> To do: Directions for the data below: repeat exactly the lines from the one with "landscapes 1921 - 5" through the one with "Style: classic bomber, sporty", both included, and omit all pictures.

> Material shown:

------------------------------------

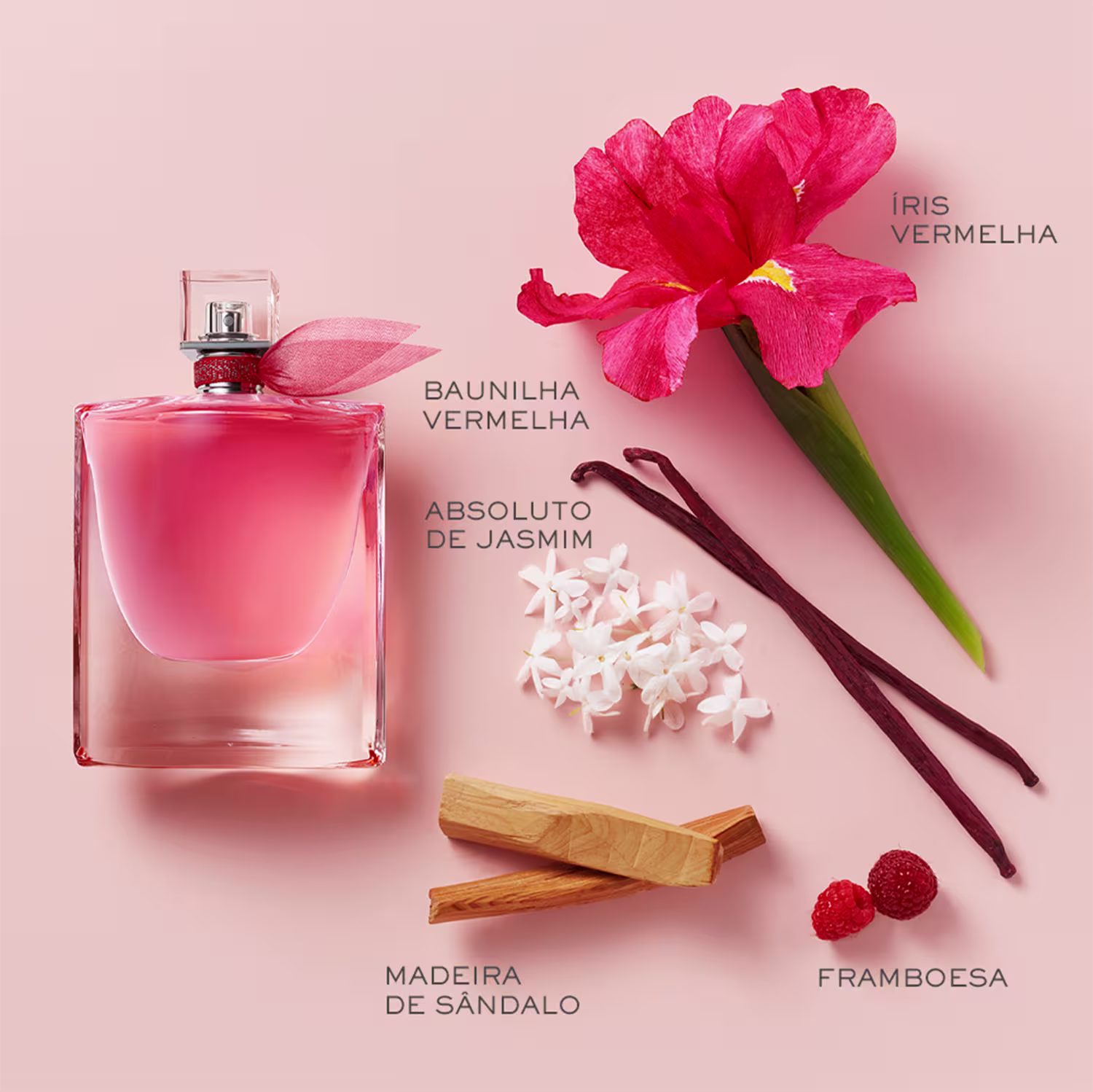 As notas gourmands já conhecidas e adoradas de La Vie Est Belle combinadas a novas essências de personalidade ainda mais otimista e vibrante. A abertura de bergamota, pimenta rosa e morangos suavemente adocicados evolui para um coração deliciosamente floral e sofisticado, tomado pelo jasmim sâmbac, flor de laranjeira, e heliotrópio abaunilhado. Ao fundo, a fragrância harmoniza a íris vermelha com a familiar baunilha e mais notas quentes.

------------------------------------

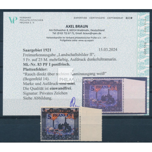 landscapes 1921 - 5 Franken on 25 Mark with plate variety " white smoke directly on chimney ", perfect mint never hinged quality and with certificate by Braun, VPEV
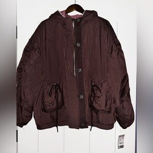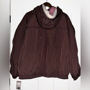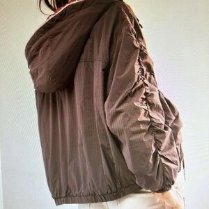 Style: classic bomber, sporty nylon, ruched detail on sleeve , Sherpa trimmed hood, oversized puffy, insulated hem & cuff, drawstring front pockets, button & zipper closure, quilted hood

------------------------------------

> Task response:
 landscapes 1921 - 5 Franken on 25 Mark with plate variety " white smoke directly on chimney ", perfect mint never hinged quality and with certificate by Braun, VPEV
 Style: classic bomber, sporty nylon, ruched detail on sleeve , Sherpa trimmed hood, oversized puffy, insulated hem & cuff, drawstring front pockets, button & zipper closure, quilted hood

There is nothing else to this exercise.